══ Supplied entries ══
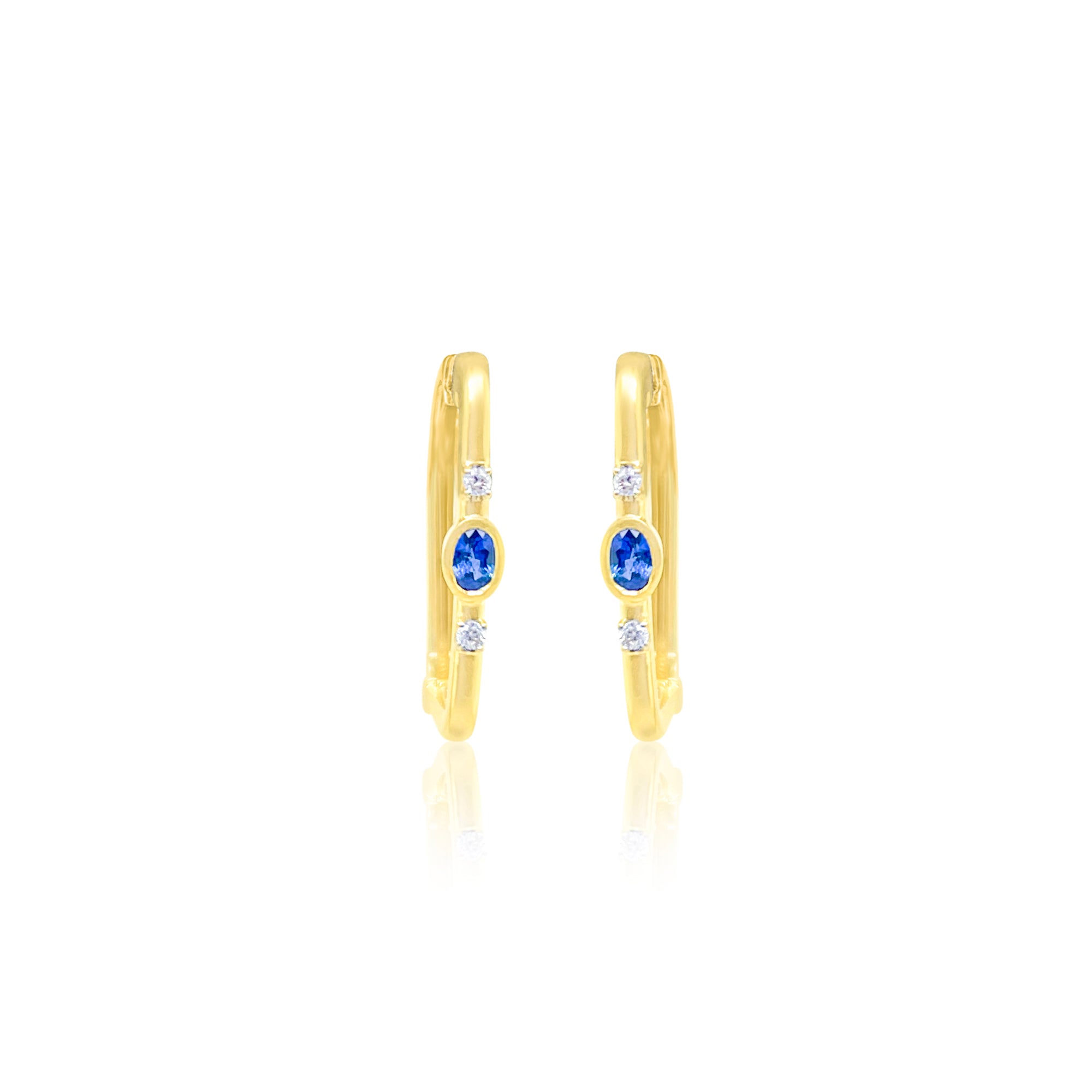 Elevate your elegance with these 14kt gold rectangle hoops, exquisitely adorned with deep blue sapphires and sparkling diamonds. Their refined geometric design adds a modern yet timeless touch, perfect for sophisticated occasions or timeless everyday luxury. Crafted with precision, these earrings promise lasting brilliance and understated glamour.
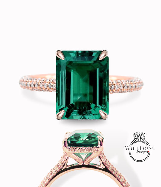 Anello di fidanzamento con smeraldo, anello con alone di diamanti, taglio a cuscino in oro rosa, con diamante moissanite, anello con gambo diviso, anello art deco, anello anniversario, regalo
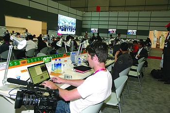 世博的主新聞中心一開(kāi)門(mén)便受到媒體的“熱捧”。中國(guó)電信的后臺(tái)信息系統(tǒng)顯示,世博主新聞中心的數(shù)據(jù)量一直居高不下,因?yàn)橛浾哒χ米烂嫔系?00M有線(xiàn)寬帶高速上網(wǎng)、收發(fā)稿件、傳送采訪(fǎng)的視頻。在世博主新聞中心一樓記者工作大廳,想在300個(gè)坐席里找個(gè)空位可不是容易的事情。
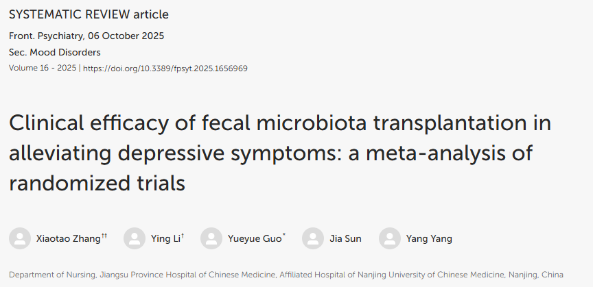 [1] Zhang, Tao Xiao, et al. "Clinical efficacy of fecal microbiota transplantation in alleviating depressive symptoms: a meta-analysis of randomized trials." Frontiers in Psychiatry 16 (2025): 1656969.
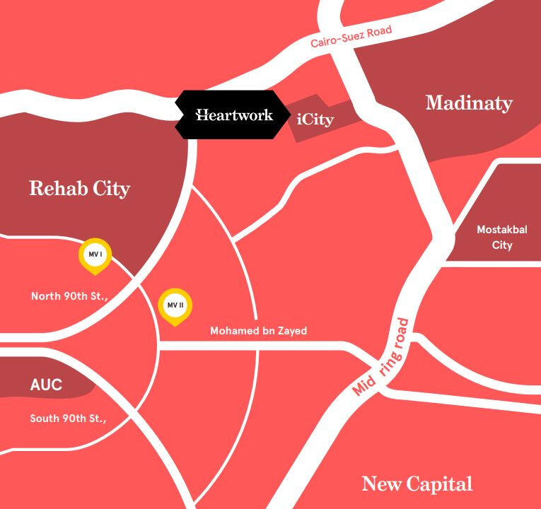 As the future is heading east, Heartwork's Location is central as it is a part of iCity at the heart of New Cairo overlooking the middle ring road a location that is very strategic for business owners.
═══
▶ **Activity**
Retype, exactly as written, each line from the one containing "世博的主新聞中心一開(kāi" through the end of the data above, and leave out every picture.

▶ **Task solution**
 世博的主新聞中心一開(kāi)門(mén)便受到媒體的“熱捧”。中國(guó)電信的后臺(tái)信息系統(tǒng)顯示,世博主新聞中心的數(shù)據(jù)量一直居高不下,因?yàn)橛浾哒χ米烂嫔系?00M有線(xiàn)寬帶高速上網(wǎng)、收發(fā)稿件、傳送采訪(fǎng)的視頻。在世博主新聞中心一樓記者工作大廳,想在300個(gè)坐席里找個(gè)空位可不是容易的事情。
 [1] Zhang, Tao Xiao, et al. "Clinical efficacy of fecal microbiota transplantation in alleviating depressive symptoms: a meta-analysis of randomized trials." Frontiers in Psychiatry 16 (2025): 1656969.
 As the future is heading east, Heartwork's Location is central as it is a part of iCity at the heart of New Cairo overlooking the middle ring road a location that is very strategic for business owners.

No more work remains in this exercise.